Nonetheless, criticising the basic elements of Varda’s film somehow seems trivial. It is a marker in European cinema and a forerunner of some of the greatest works the medium has ever produced. That it is self-conscious, indulgent and formal to a fault merely mark it out as a rough sketch for the landscape other directors would more clearly detail in the following years. As an exercise in production La Pointe-Courte is every bit as audacious as anything the Nouvelle Vague would manage and in its own excesses it can’t help but prove fascinating; perhaps more so for the discussions it provokes than for the act of watching the film itself. In that sense Brecht might indeed be proud. It was largely buried in its initial run, distributed to only a handful of cinemas throughout France, but looking back now it is remarkable in its foresight and its artistic significance. As the Italians sought escape from the inadvertent trap of post-war realism and the French sought revolution against what Truffaut termed the ‘Tradition of Quality’, Varda, seemingly on her own and entirely self-realised, unearthed that very thing.

1 More modern editions carry the title, “The Wild Palms (If I Forget Thee, Jerusalem)”, which reinstates Faulkner’s original preference for the title without removing the established name.

2 Such is the phrase subtitled in interviews included with Criterion’s U.S. release of the film.

3 An interview aired in 1964 from the television series, Cinéastes de notre temps, also included on Criterion’s release.

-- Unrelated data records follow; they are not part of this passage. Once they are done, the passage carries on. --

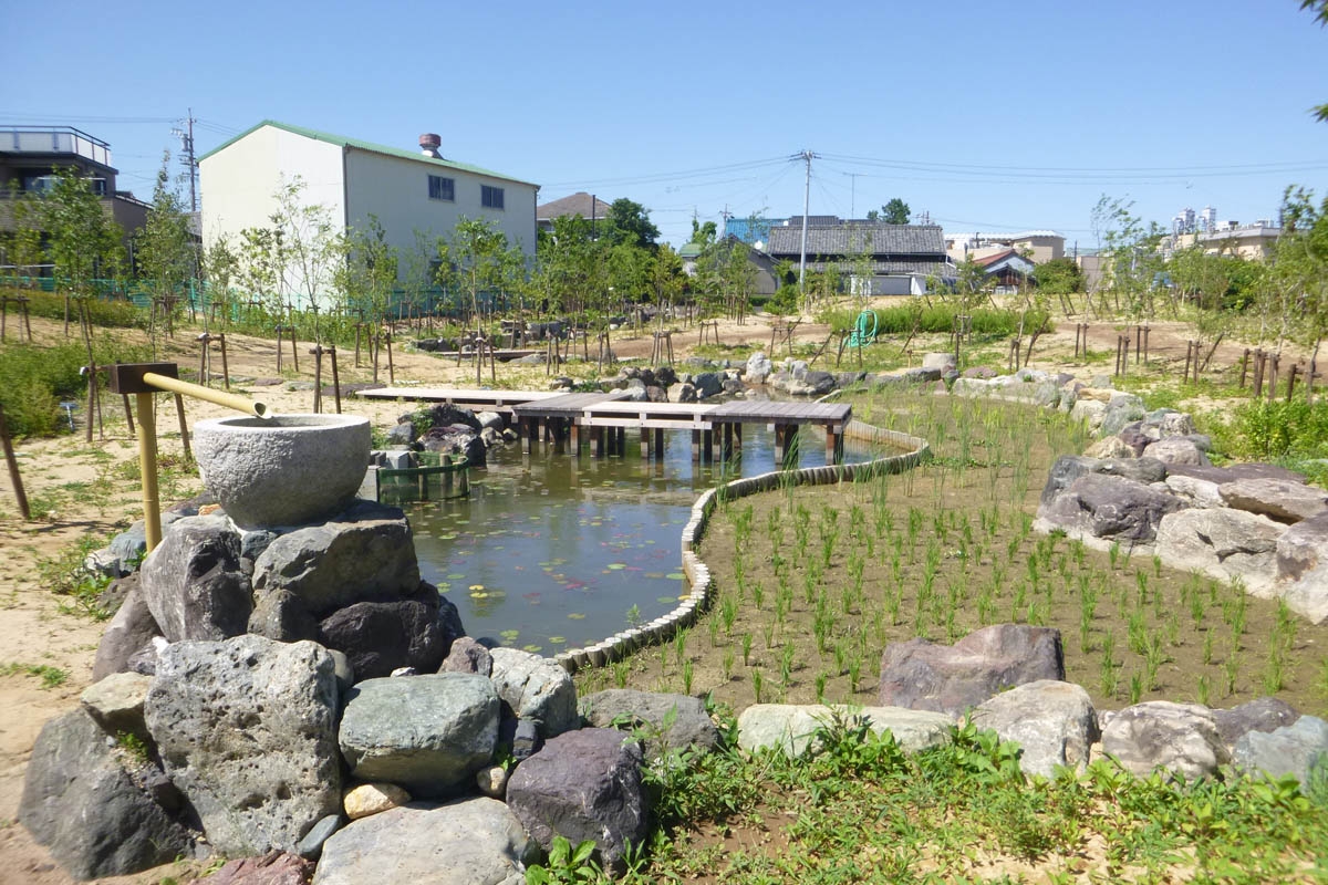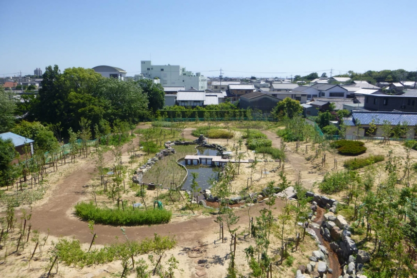 西尾農地整備工事 個人からの発注工事で、平成27年3月に完成。本来この地域に生息している草木、昆虫等がそのまま生息し続けられる場、及び地域の子供が泥だらけになって遊ぶことのできる公園を築造する工事です。顧客より非常に高い評価を頂き、満足できる工事を完成出来ました。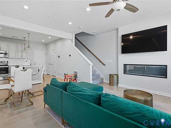 The bright white kitchen opens seamlessly to the living room, creating an ideal space for entertaining. A sleek wall-mounted fireplace adds warmth and character to the main living area. LVP flooring flows throughout, providing both durability and a clean, modern look.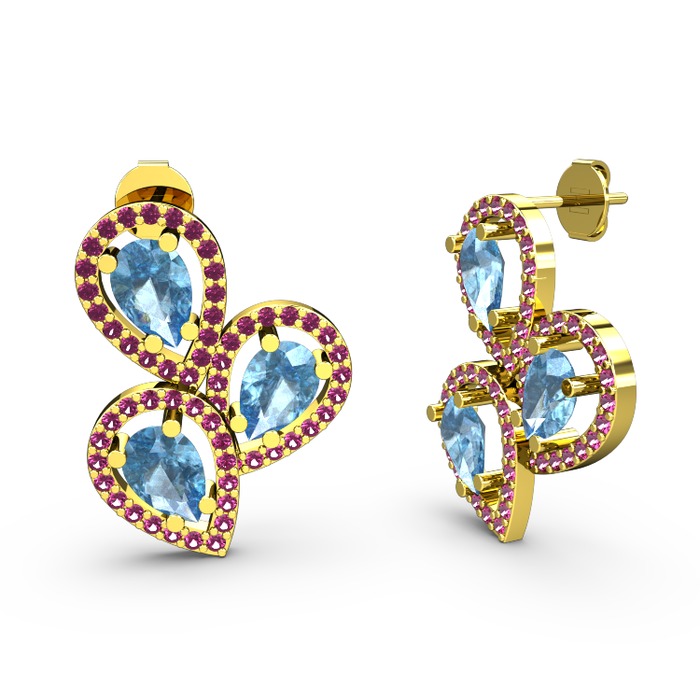 Rodolit garnet ve akuamarin 18 ayar altın küpe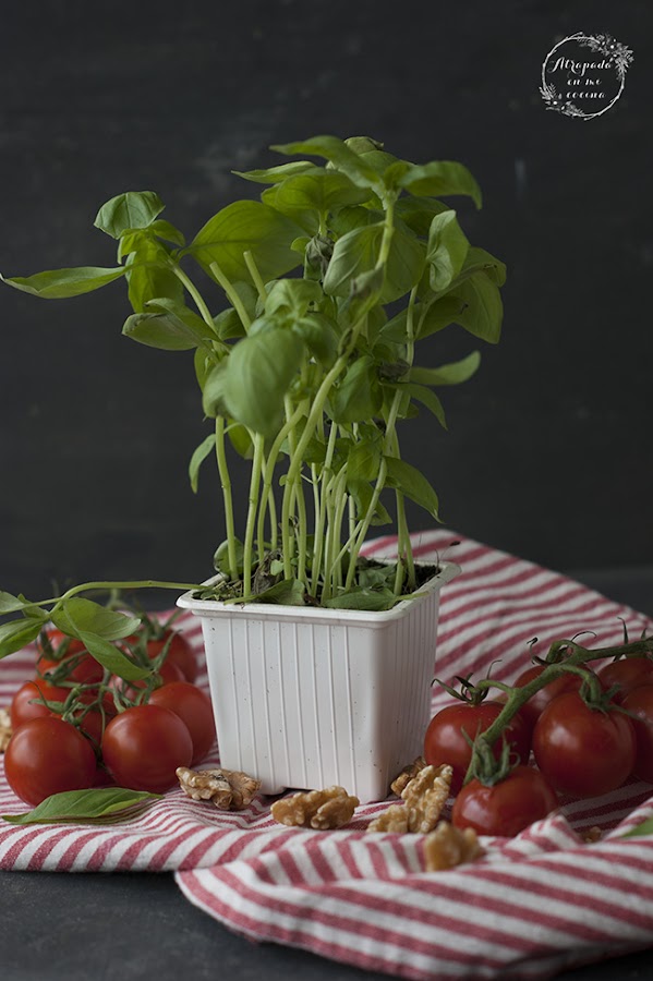 Lo primero que haremos será preparar la salsa pesto. Para ello ponemos en el vaso de la batidora el aceite, el diente de ajo, la albahaca y el puñado de nueces (he prescindido del queso porque ya lleva la receta y no quería añadir calorías extra, por lo que la salsa de pesto sale más ligera). Trituramos todo bien y reservamos.

4 Further finding footing with Vigo, during its initial theatrical run La Pointe-Courte was paired with that director’s delightfully effervescent travelogue, À propos de Nice.

5 Admittedly at this point Rossellini himself was beginning to break and change the dynamics of Italian cinema too, a task he seemed more comfortable with than many of his contemporaries with perhaps the exception of Visconti. Accompanying him on the path would be a host of directors, Antonioni, Fellini, Leone etc., who mostly worked as writers during the Neo-Realist movement.

6 Documentarian and anthropologist Jean Rouch was of major significance to the likes of Godard and Truffaut and he even contributed some work directly to the movement such as a segment in the Nouvelle Vague compendium film, Paris vu par… (aka Six in Paris). His ethnographic approach to cinema finds plenty of overlap with Varda’s portrayal of the fishermen.